Full log: https://gist.github.com/kenorb/9b41910fbced376314b7dda50ccad2cd

I will check the settings in BIOS next time.

The following post suggests it’s the issue with ASUS motherboards:

It’s suggested to change the kernel option to:

pcie_aspm=off

. I’ll try that as well.

1 Like

Screenshots from NVIDIA X Server Settings app of the failing GPU (1st of 4):



Did you fix this issue, iam having this on 4.29 and latrst 5 kernels with all nvidia-drivers available on gentoo system. Strange is that when I try gpu_burn - whih is CUDA stresser, all is ok. The problem only occurs when I start X based stuff (xorg or plasma).

I have this exact same issue every day in Ubuntu 22.04 since I got a GeForce RTX 3060, with every kernel and every Nvidia video driver in the 5xx range. I have tried many different kernel/videodriver combinations and they all have the same problem.

The freeze usually occurs within 2 hours of booting the computer. I have tried multiple boot options I read around the net that solved the issue for others, such as the famous pcie_aspm=off, but they don’t make a difference in my case. That may be because I don’t have an ASUS mainboard like most people who report this issue. I have a Gigabyte X570 I Aorus Pro in stead.

While it sucks to a pretty infuriating level that this problem persists for such a long time over so many updates, I have discovered something interesting. The issue never reappears after a soft reboot.

So I do a Sync, Unmount and reBoot SysRequest (i.e. hold Alt + SysRq while pressing S, U, and B in slow succession) and the problem is gone until I do a cold boot.

I know this topic is old, but it’s still the first result DuckDuckGo gives me.
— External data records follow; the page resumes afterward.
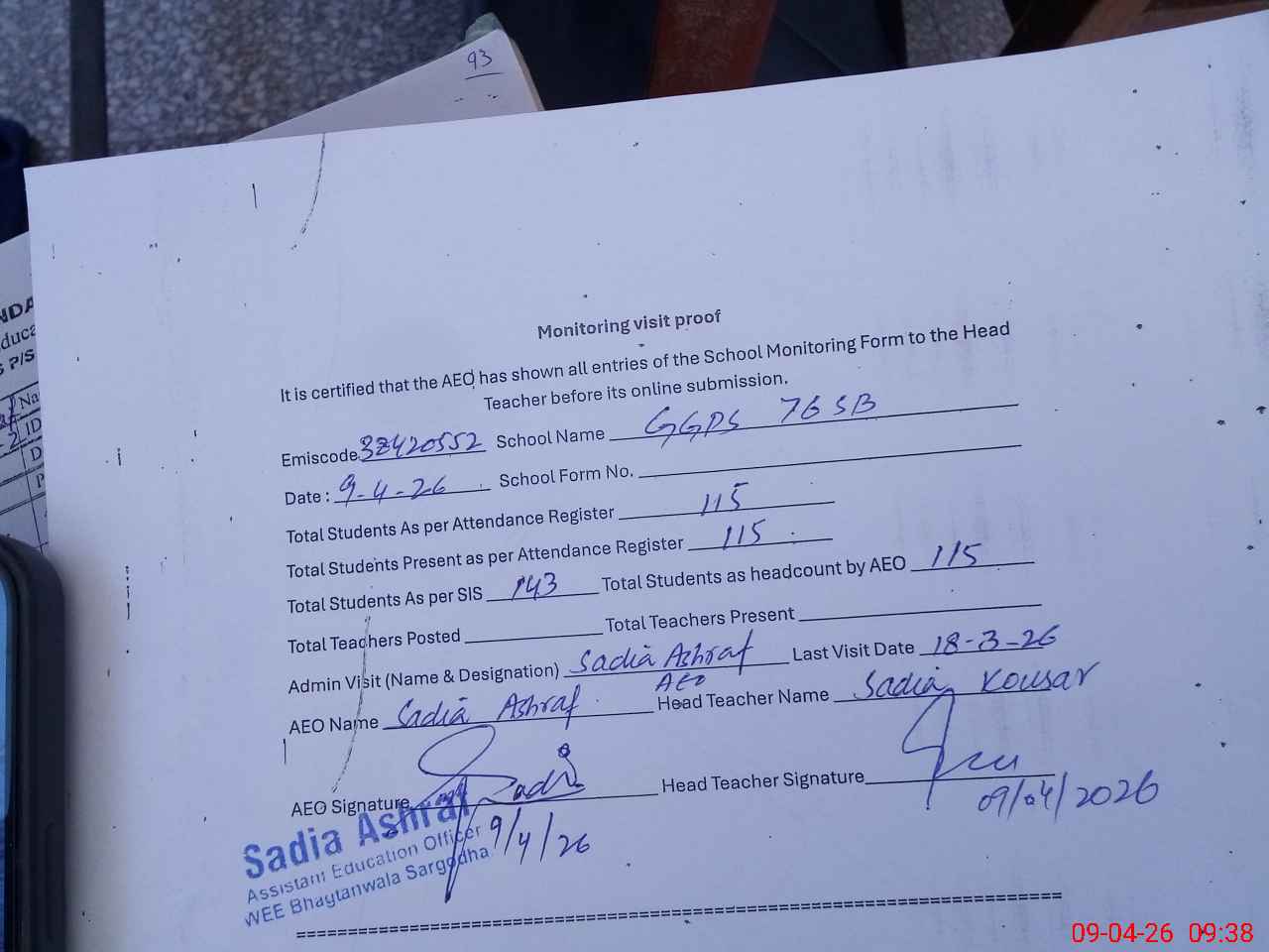 | Attendance Register | Head Teacher | MEA with School | Visit Proof |
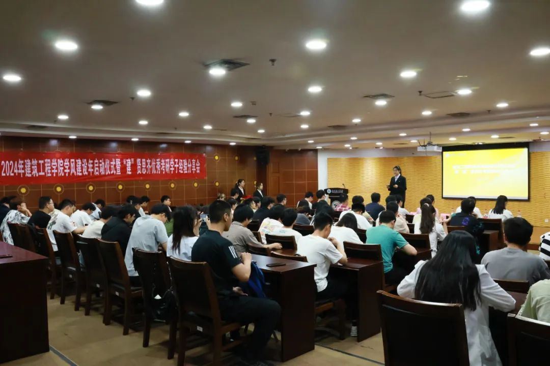 5月8日下午,建筑工程学院2024年度学风建设年启动仪式暨“建”贤思齐优秀考研学子经验分享会在行政楼一号报告厅及四个分会场顺利举行。建筑工程学院副院长杨博、建环系系主任吕超、学工办主任王欢欢、学院学风建设指导中心指导老师虞雅伦以及建环系校友奖学金捐赠人李浪浪、2010级建筑学校友厉少锋,2013级风景园林校友程飞彪、程红伟出席本次活动。
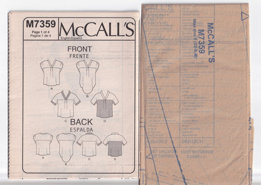 McCall's 7359 Womens Yoked Pullover Summer Tops Paper Sewing Pattern Size XS - MED UNCUT Factory Folded
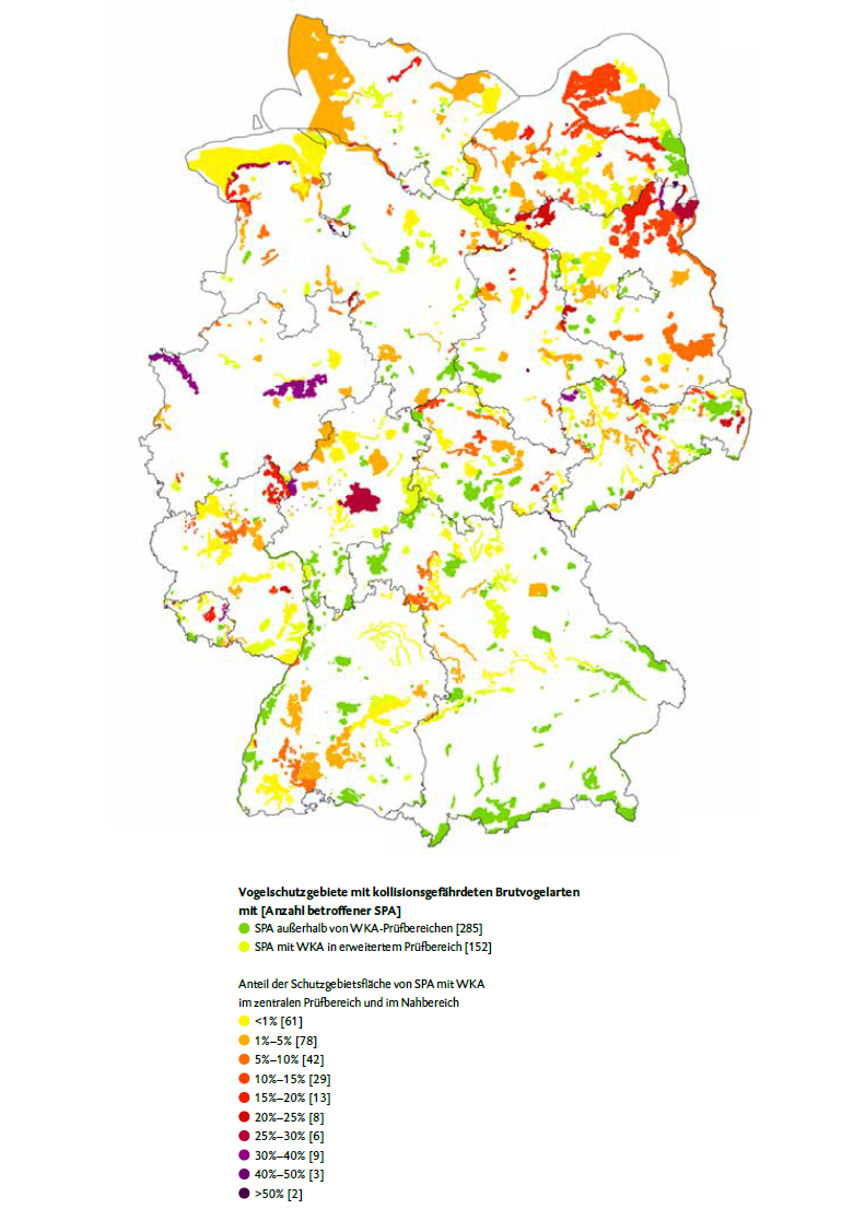 In nebenstehender Grafik entsprechen lediglich die grün eingezeichneten Anlagen den Vorschriften. Alle anderen farblich ausgewiesenen Anlagen verletzen die Vogelschutzrichtlinien.
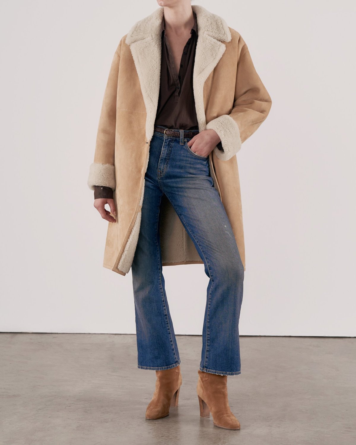 Made in USA. Machine wash. Zip fly with button closure. 5-pocket design. Light whiskering and distressed detail. 16" / 41 cm at the knee breaks to 17" / 43 cm at the leg opening.
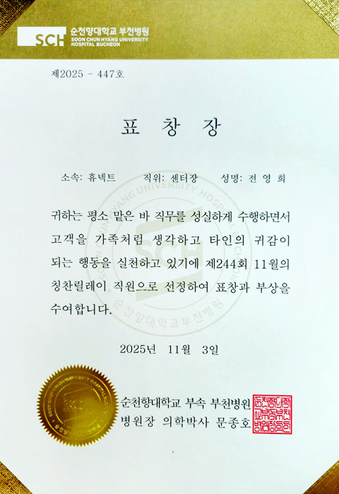 병원장 표창(휴넥트 소속 센터장)
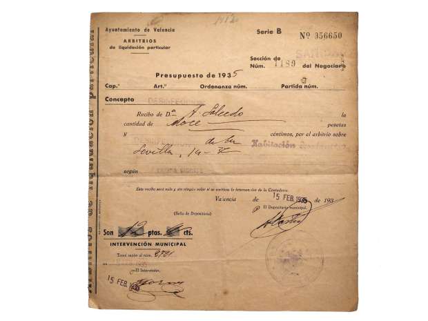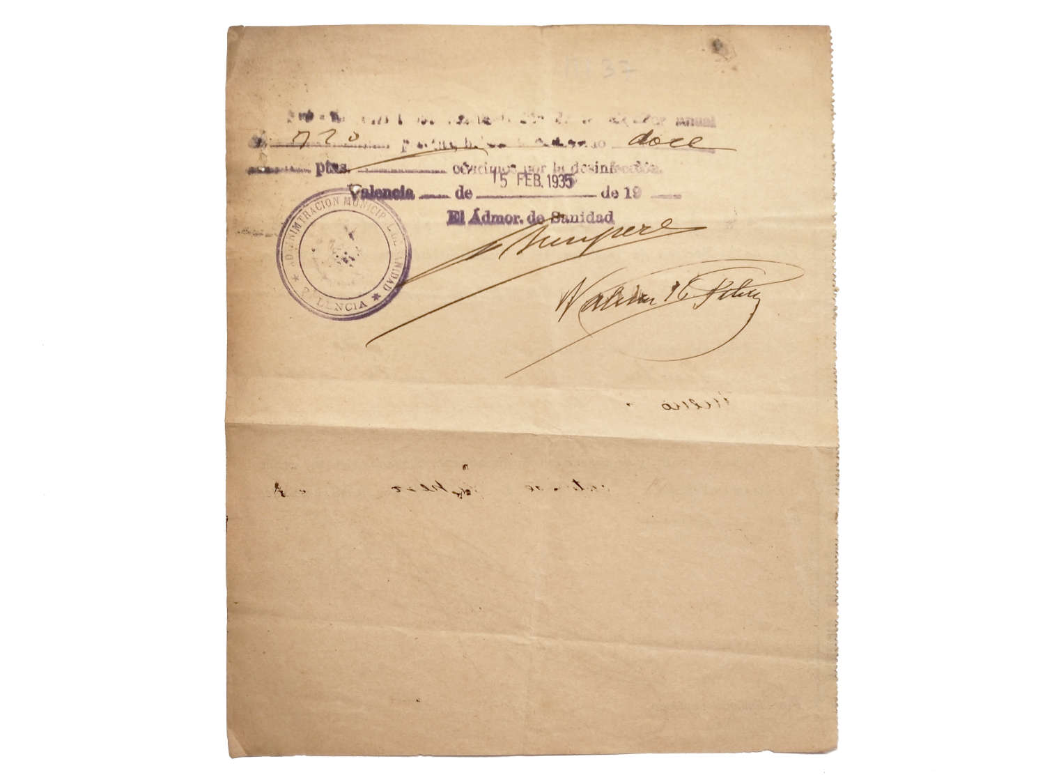 En la imagen número 1, se pueden ver dos documentos. En la parte izquierda, hay un certificado de desinfección emitido por el Instituto Municipal de Higiene de Valencia con fecha del 14 de febrero de 1935. Más abajo se puede ver este mismo certificado por su anverso (Fig. 2) y reverso (Fig. 3). Y en la parte derecha, consta el recibo del pago por la dicha desinfección con fecha al día después. También abajo se puede ver el mismo documento con mayor resolución (Fig. 4).
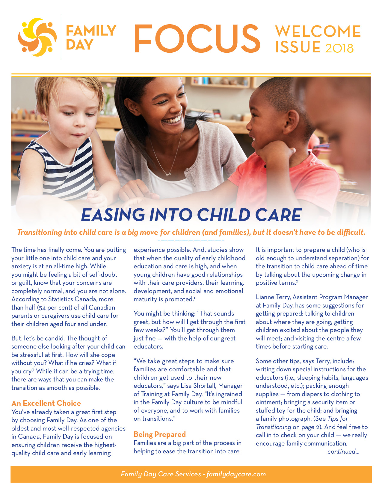 It is my pleasure to welcome all new and returning children and their families to our programs. Your choice of child care is a very important decision. Naturally, you are concerned about your child’s education and safety within the school and child care environments. Thank you for choosing a Family Day program and putting your trust in us.
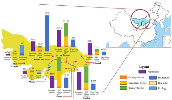 Basic information of the seven prefectures connected by the Yellow River in Inner Mongolia. The population, GDP, and water usage of each sector in 2017 is shown.
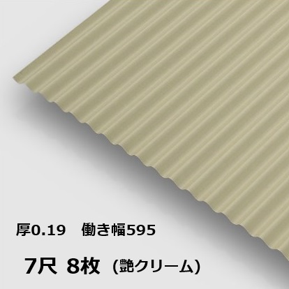 8枚単位 波板 7尺 艶クリーム 丸波0.19mm厚 幅650mm(有効幅595) 約2134mm 梱包重量21.8kg カラー亜鉛鉄板 塗装溶融めっき鋼板 トタン板
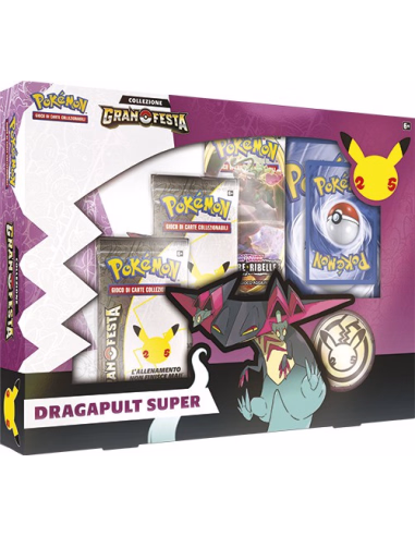 Diving at supersonic speeds, Dragapult swoops into your collection as an impressive Pokémon Prime! This powerful collection includes Pokémon TCG: Celebrations boosters as well as Dragapult Prime and its ghostly stealth—can you strike at just the right moment? If so, dig just a touch deeper and you’ll find additional surprises including a binder and more!
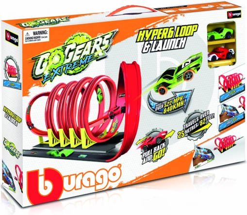 Autodrom Bburago GoGears Extreme: 6 pętli, rampa, 2 szybkie autka i zasięg do 25 m. W zestawie tarcza z punktacją. Dynamiczna wyścigowa zabawa dla dzieci.
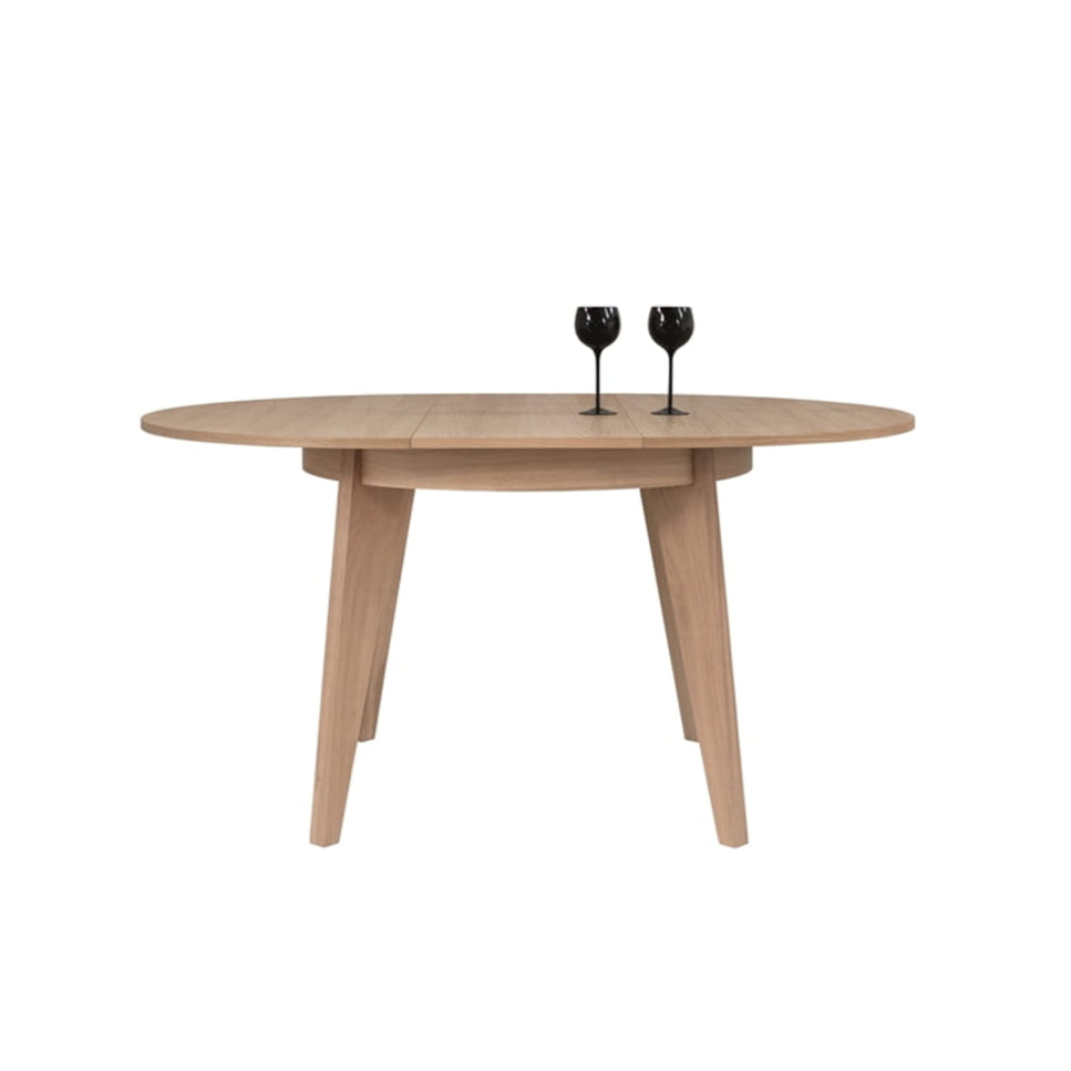 Round folding table Senales by Fameg is an ideal proposition for smaller, contemporary interiors, in which functionality and elegance plays a key role. The project by Stroog Andrzej fear is distinguished by a light, modern form and a practical distribution system - the countertop increases its diameter from 115 cm to 155 cm thanks to the rotating and tilting insert (40 cm), which is hidden under the countertop. Sleep, oblique oak wood legs add visual lightness to the furniture, and at the same time provide excellent stability.
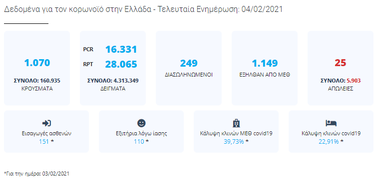 Σήμερα, Πέμπτη 4 Φεβρουαρίου, ο Εθνικός Οργανισμός Δημόσιας Υγείας ανακοίνωσε 1.070 νέα κρούσματα Covid-19 στην Ελλάδα, αριθμός μικρότερος από τα 1.151 που καταγράφηκαν την προηγούμενη ημέρα. Σημειώνεται πως πρόκειται για την τρίτη κατά σειρά ημέρα που οι περιπτώσεις του ιού που επιβεβαιώθηκαν σε ένα 24ωρο ξεπερνούν τις 1.000.
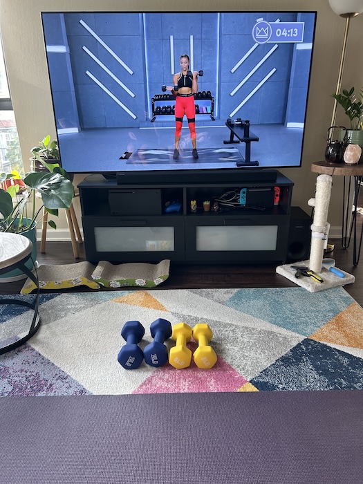 My simple living room gym. 🙂 I am such an at-home workout gal.
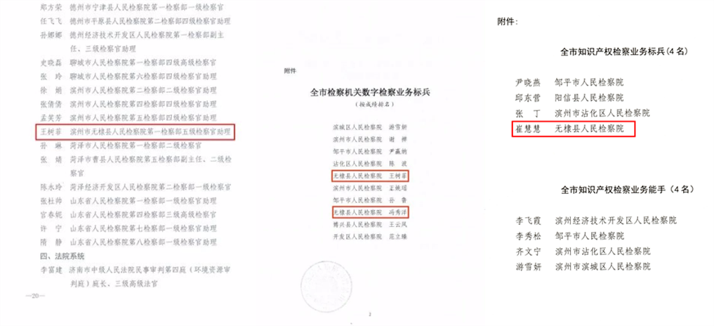 2024年,无棣县检察院立足法律监督定位,聚焦主责主业,奋力以检察工作现代化服务“六个无棣”建设,各项工作在稳步发展中实现了新的突破,1名干警入选“全国检察机关检务保障人才库”,1个数字检察监督模型被最高检冠名推广,大数据综合治理平台被省委政法委评选为“全省数字法治系统建设优秀案例”,3名干警荣获省级以上表彰,院机关被授予集体荣誉24项。

I thought I’d share that new information here.

10:06:20 kernel: [ 3901.114072] NVRM: GPU at PCI:0000:09:00: GPU-xxxxxxxx-xxxx-xxxx-xxxx-xxxxxxxxxxxx
10:06:20 kernel: [ 3901.114079] NVRM: Xid (PCI:0000:09:00): 79, pid='<unknown>', name=<unknown>, GPU has fallen off the bus.
10:06:20 kernel: [ 3901.114081] NVRM: GPU 0000:09:00.0: GPU has fallen off the bus.
10:06:20 kernel: [ 3901.114739] NVRM: Xid (PCI:0000:09:00): 32, pid=3502, name=cinnamon, Channel ID 00000010 intr 00800000
10:09:52 kernel: [ 4113.229473] sysrq: Emergency Sync
10:09:52 kernel: [ 4113.229691] Emergency Sync complete
10:09:54 kernel: [ 4114.232443] sysrq: Emergency Remount R/O

Rectification: This is false. Just lucky for some time. See this thread for more on this.

The safest way to reboot a frozen machine is still a Sync, Unmount and reBoot SysRequest (i.e. hold Alt + SysRq while pressing S, U, and B) as long as the kernel is still running.